我相信唯一的问题是你需要在你的lapply中指定x参数。

 lapply(listOfFiles_M, test.info, x = m_files)

the ... argument in apply is for you to list other arugments the function you pass apply may need, in this case it is test.info.

apply中的...参数是为您列出您传递的函数可能需要的其他语句,在这种情况下它是test.info。

#1


1  

Simply pass your list of files into file.info which can receive more than 1 value as input and returns a data frame as according to docs, ?file.info.

只需将您的文件列表传递到file.info,该文件可以接收多于1个值作为输入,并根据文档“?file.info”返回数据框。

final_df <- file.info(listOfFiles_M)

No need to initialize an empty data frame and map values to it or rbind iterative returned objects.

无需初始化空数据框并将值映射到它或rbind迭代返回的对象。

#2


0  

I assume the function file.info is designed to take a name of a file and then spit out a vector of length 7 which you use to populate a row.

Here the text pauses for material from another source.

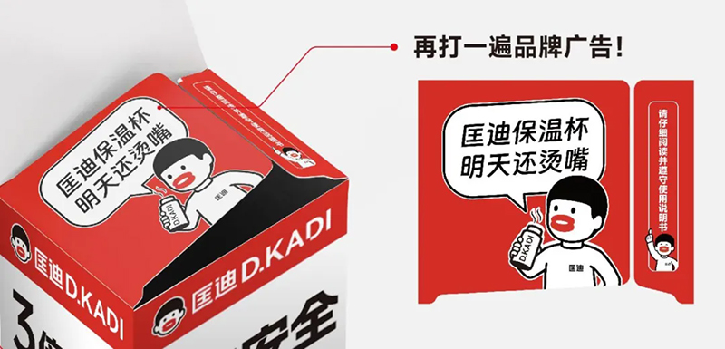 這句話一方面運(yùn)用了人類(lèi)集體的經(jīng)驗(yàn)和潛意識(shí),另一方面,把原本負(fù)面的“燙嘴”,變成了正向的宣傳,來(lái)證明匡迪保溫杯的品質(zhì),傳播我們的品牌名。

我假设函数file.info被设计为获取文件的名称,然后吐出长度为7的向量,用于填充行。

Just a recommendation, this is a bit hard to test when we do not have file.info function's output for at least 1 file. So I would recommend simplifying your m_files data frame when you post.

只是一个建议,当我们没有至少1个文件的file.info函数输出时,这有点难以测试。因此,我建议您在发布时简化m_files数据框。

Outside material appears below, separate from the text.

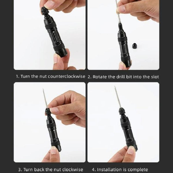 6. Features: aluminum alloy body, high strength, sturdiness and durability, cylindrical storage compartment, easy to carry, simple drill bit installation, convenient operation

I believe the only issue is that you need to specify the x argument in your lapply.

我相信唯一的问题是你需要在你的lapply中指定x参数。

 lapply(listOfFiles_M, test.info, x = m_files)

the ... argument in apply is for you to list other arugments the function you pass apply may need, in this case it is test.info.

apply中的...参数是为您列出您传递的函数可能需要的其他语句,在这种情况下它是test.info。